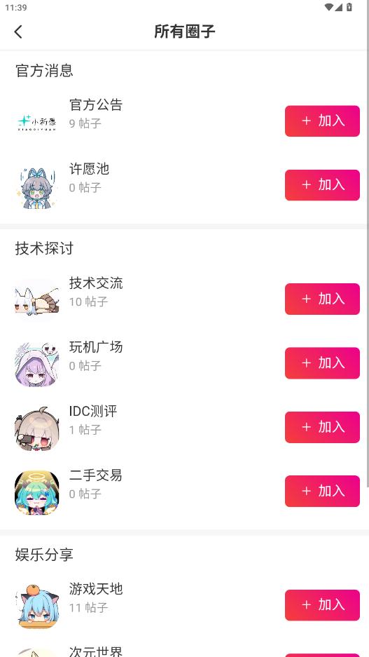 点击进入圈子界面,可以加入自己感兴趣的圈子,和其他的用户交流互动
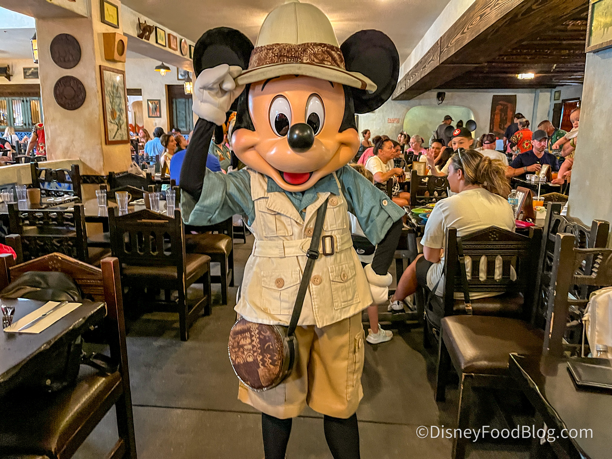 Tusker House is a character dining buffet in Animal Kingdom. During your meal, Donald Duck, Mickey Mouse, and other friends will visit your table and say “Jambo,” which means “hello” in Swahili. They’re dressed in their safari outfits to get you in the Animal Kingdom mood before you head on your own safari, visiting all the animals.
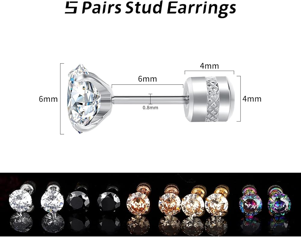 مسمار CZ بمقاسات متعددة - 2/3/4/5/6 مم، أقراط خلفية لولبية للنساء والرجال، قد تلبي احتياجاتك القصوى. يمكنك اختيار المقاس المناسب لك، أو ارتدائه بمفرده أو تكديسه حسب رغبتك.

* **EXERCISE**:
Repeat the data above exactly, images excluded.

* **RESULT OF THIS EXERCISE**:
 点击进入圈子界面,可以加入自己感兴趣的圈子,和其他的用户交流互动
 Tusker House is a character dining buffet in Animal Kingdom. During your meal, Donald Duck, Mickey Mouse, and other friends will visit your table and say “Jambo,” which means “hello” in Swahili. They’re dressed in their safari outfits to get you in the Animal Kingdom mood before you head on your own safari, visiting all the animals.
 مسمار CZ بمقاسات متعددة - 2/3/4/5/6 مم، أقراط خلفية لولبية للنساء والرجال، قد تلبي احتياجاتك القصوى. يمكنك اختيار المقاس المناسب لك، أو ارتدائه بمفرده أو تكديسه حسب رغبتك.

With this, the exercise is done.